Einde inhoudsopgave
Wet op de rechterlijke organisatie
Artikel 33 [Budget voor de afzonderlijke gerechten]
Geldend
Geldend vanaf 01-07-2011
- Bronpublicatie:
19-05-2011, Stb. 2011, 256 (uitgifte: 31-05-2011, kamerstukken: 32562)
- Inwerkingtreding
01-07-2011
- Bronpublicatie inwerkingtreding:
27-06-2011, Stb. 2011, 324 (uitgifte: 29-06-2011, kamerstukken/regelingnummer: -)
- Vakgebied(en)
Juridische beroepen / Rechter
Staatsrecht / Rechtspraak
1.
De Raad maakt aan elk gerecht zo spoedig mogelijk na de vaststelling van de begroting van het Ministerie van Veiligheid en Justitie bekend, welk budget hij aan het gerecht toekent.
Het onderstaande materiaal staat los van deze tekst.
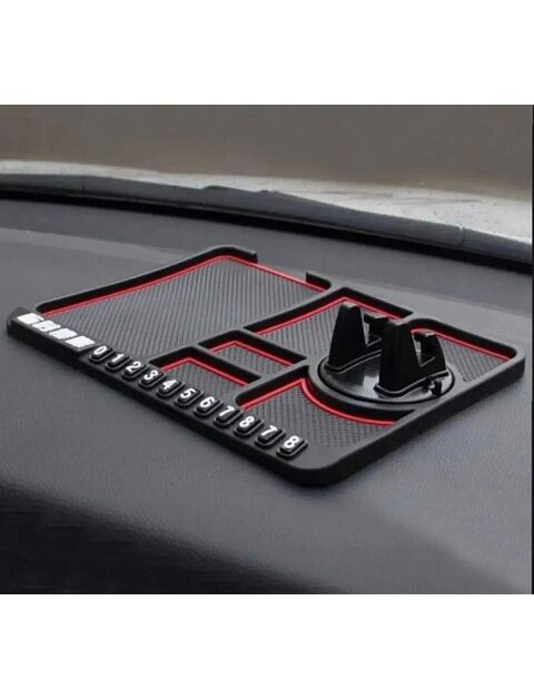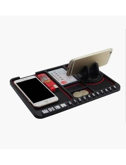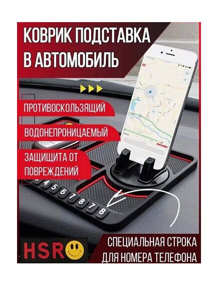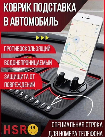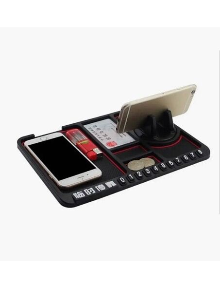 Многофункциональный автомобильный противоскользящий коврик на приборную панель автомобиля - незаменимый помощник для водителей и пассажиров в машине. Держатель для телефона имеет удобное крепление, позволяющее повернуть смартфон под удобным углом обзора. Коврик на панель авто подходит для всех моделей автомобилей, что делает его универсальным. Коврик для телефона автомобильный оснащен плоской нескользящей силиконовой основой, поэтому вы можете быть спокойны, при поездке, ваши очки, телефон, наушники и ключи будут надежно зафиксированы. Автовизитка парковочная расположена на коврике, что позволяет использовать держатель в авто еще эффективнее. Теперь вам не понадобится табличка с номером телефона в машину, наш автомобильный держатель прекрасно исполняет эту функцию
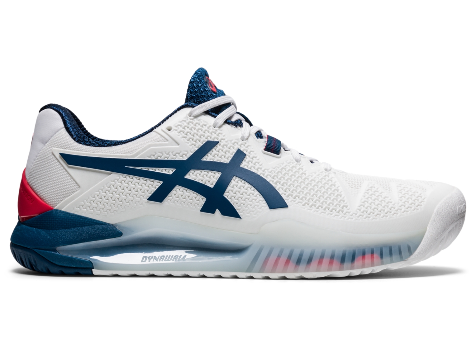 The GEL-RESOLUTION® 8 tennis shoe promotes a responsive stride with a close-to-the-court feel. The FLEXION FIT® upper provides form-fitting support with the integration of DYNAWALL⢠technology, which offers added midfoot stability during lateral movements and coast-to-coast coverage. Implementing a torque control feature in the heel counter, this shoe is also designed to help maintain a locked in feel during quick transitions. Featuring GEL® technology cushioning in the heel and midfoot, this shoe helps reduce the impact of shock from abrupt stop and go movements on court. Additionally, the model also incorporates an AHAR® compound in the outsole that works in conjunction with the PGUARD⢠toe protector to increase traction on court and reduce the overall level of wear. Creating an accelerated response with a natural close-to-the-ground feel, the GEL-RESOLUTION® 8 tennis shoe helps you approach your matches with confidence.
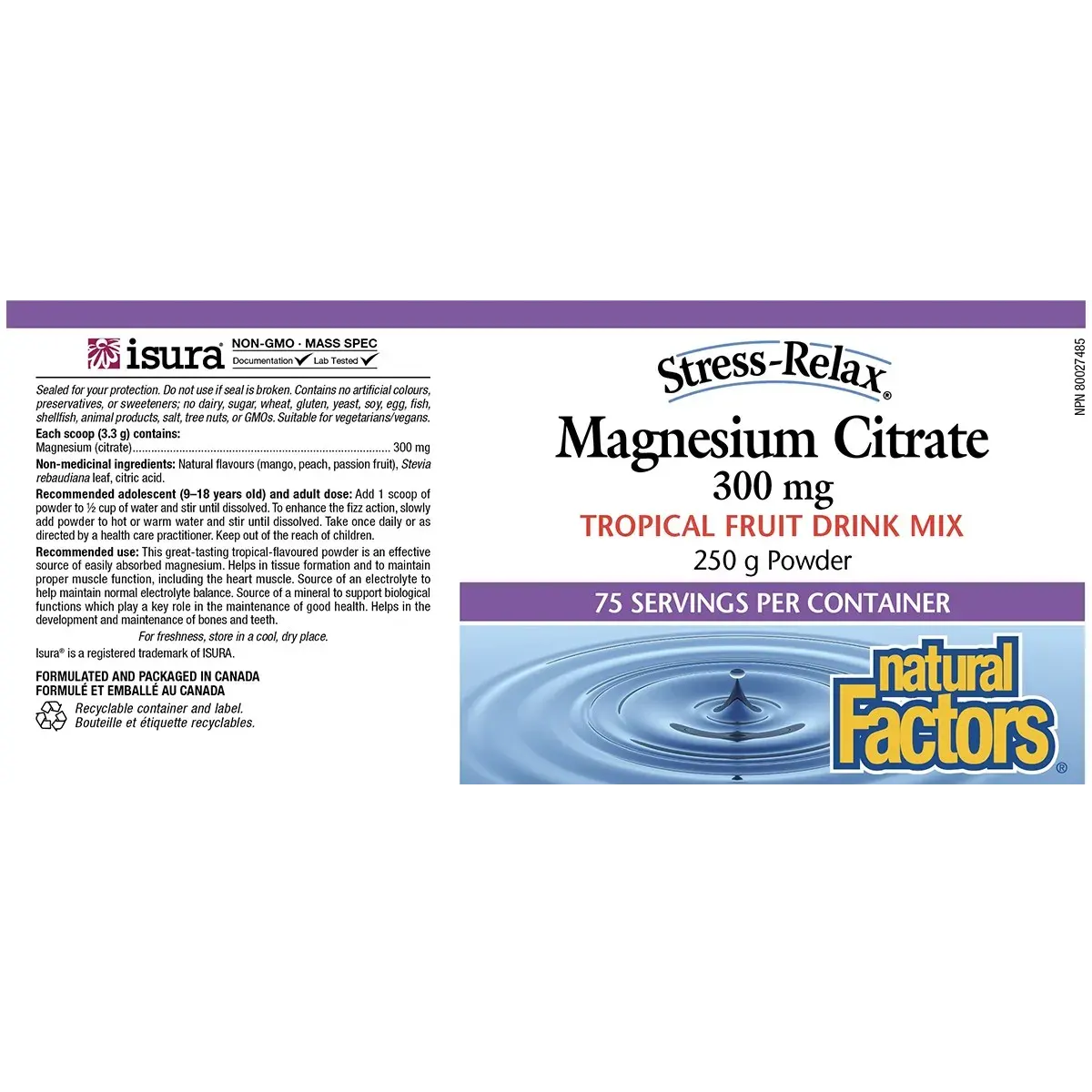 Stress-Relax Magnesium Citrate Powder is an effective way to meet the body’s daily magnesium requirements. Magnesium Assists the body metabolize carbohydrates, fats, and proteins. It also Assists in tissue formation, and Assists maintain bones, teeth, and proper muscle function. Inadequate magnesium intake can heighten the symptoms of stress, including muscle tension and Restful-Sleep disturbances.
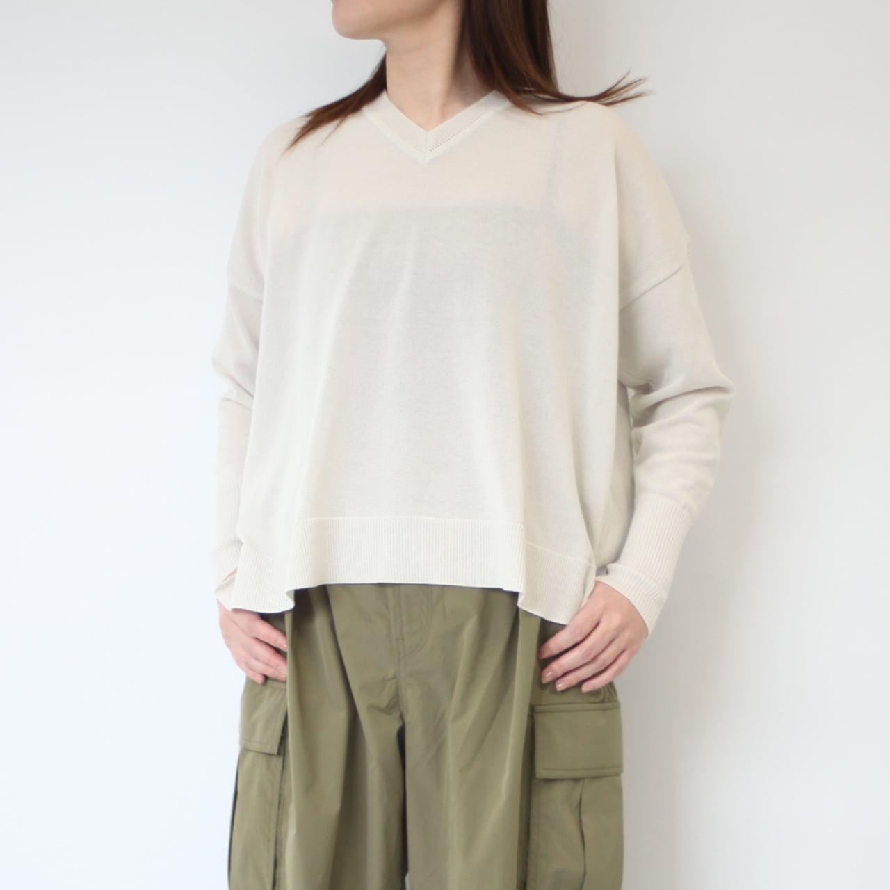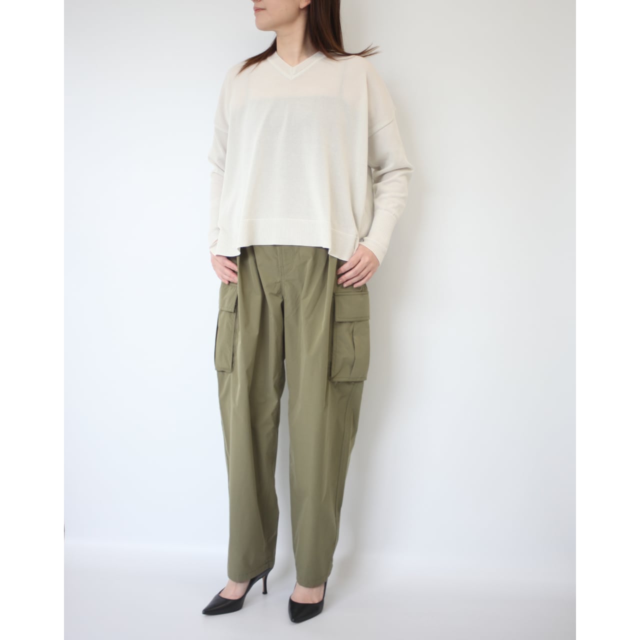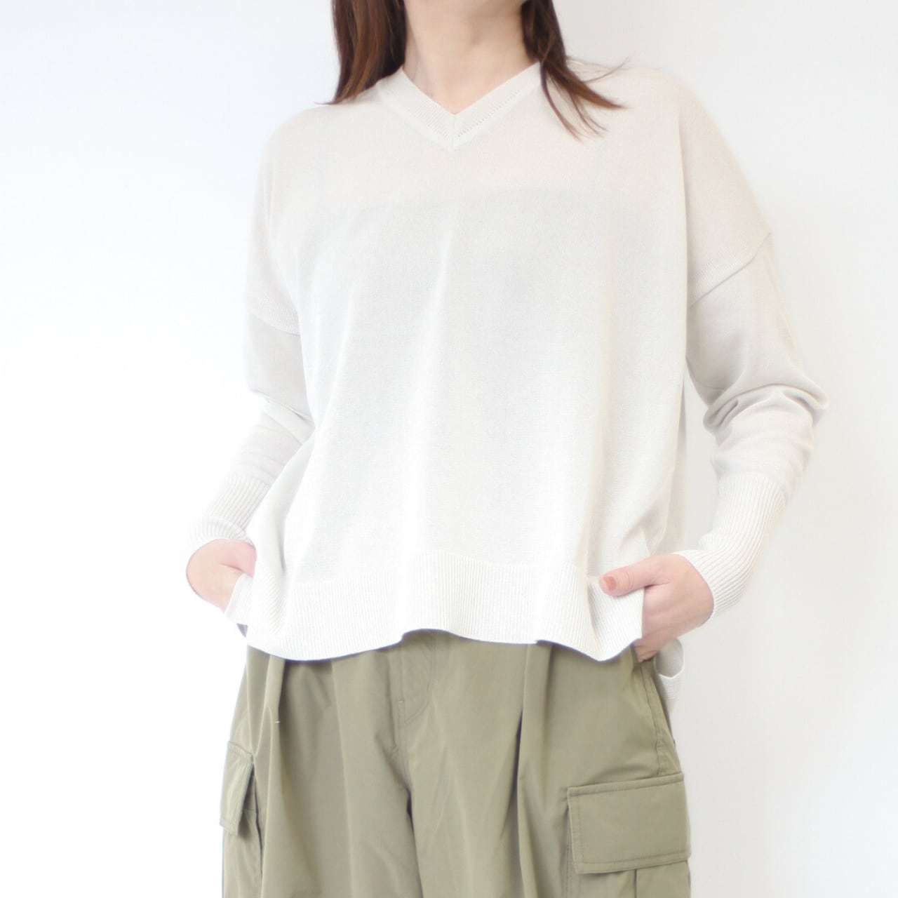 ゆとりのあるワイドシルエットで体のラインを拾いにくく、Vネックで顔まわりはすっきり。
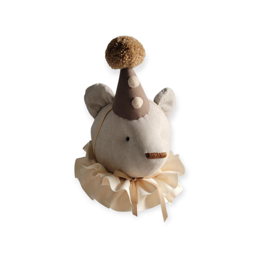 Prachtige handgemaakte linnen beer voor aan de wand of kast.
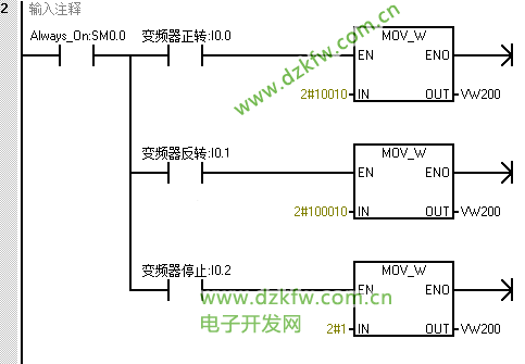 第二步:(按下I0.0命令值寫入VW200變頻器電機正轉、按下I0.1命令值寫入VW200變頻器電機反轉、按下I0.2命令值寫入VW200變頻器電機停止)
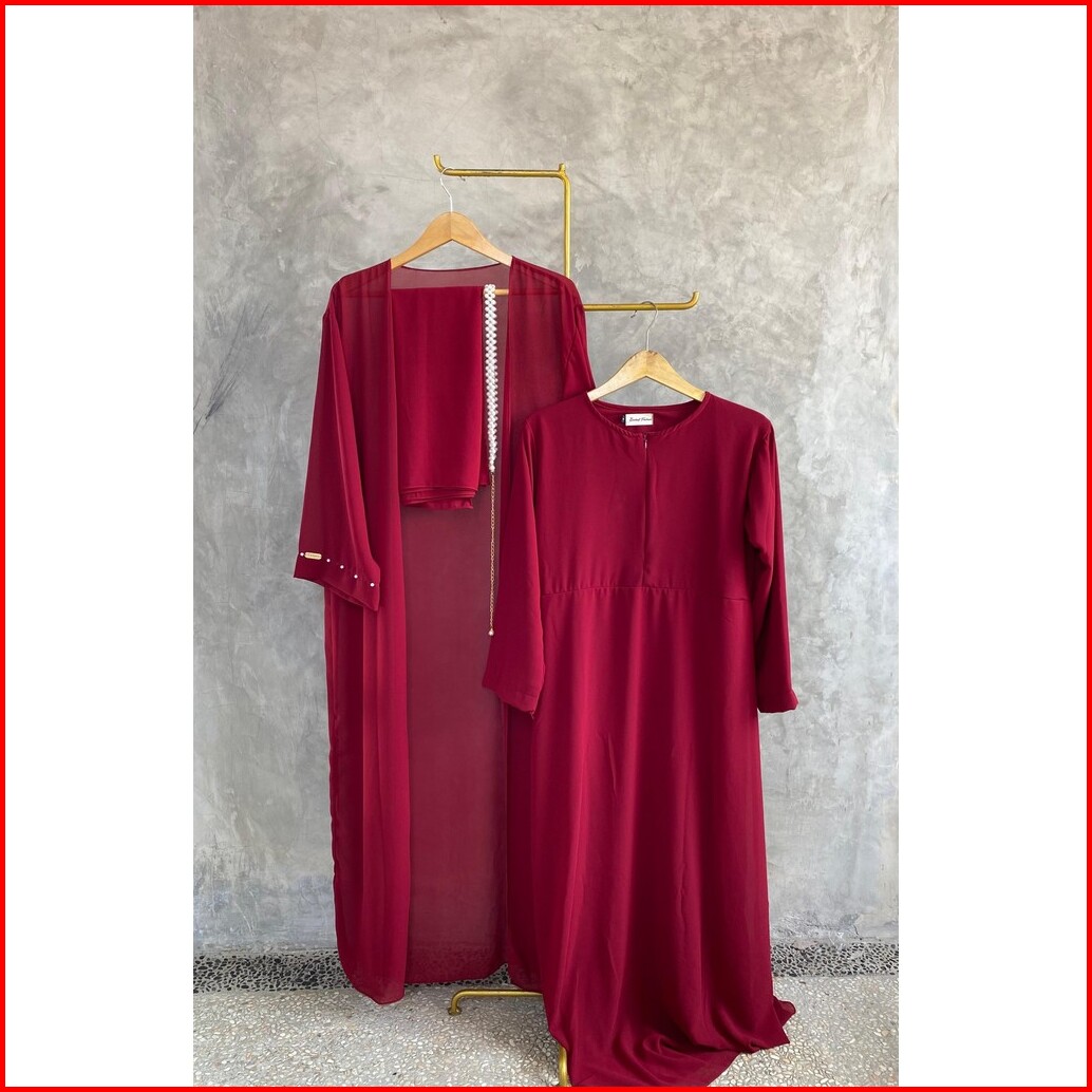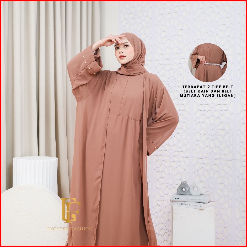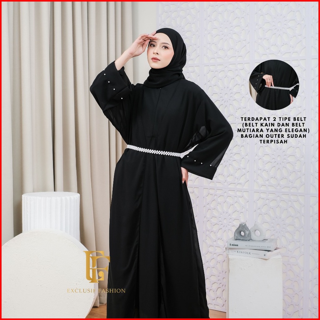 Alisha Set Abaya Bahan Ceruty Babydoll Full Furing 4in1 Busui Friendly Free Pashmina

Indien het budget afwijkt van het geraamde budget, bedoeld in artikel 30 is de tweede volzin van dat artikel van overeenkomstige toepassing.
2.
Indien het budget afwijkt van het geraamde budget, bedoeld in artikel 30, wijzigt het bestuur de begroting van het gerecht.
3.
Beslissingen tot andere wijzigingen van de begroting kunnen uiterlijk tot het eind van het desbetreffende begrotingsjaar worden genomen.
4.
De Raad wordt van de wijzigingen, bedoeld in het tweede en derde lid, terstond in kennis gesteld.
5.
Het bestuur doet de noodzakelijke uitgaven binnen de grenzen van de vastgestelde of gewijzigde begroting.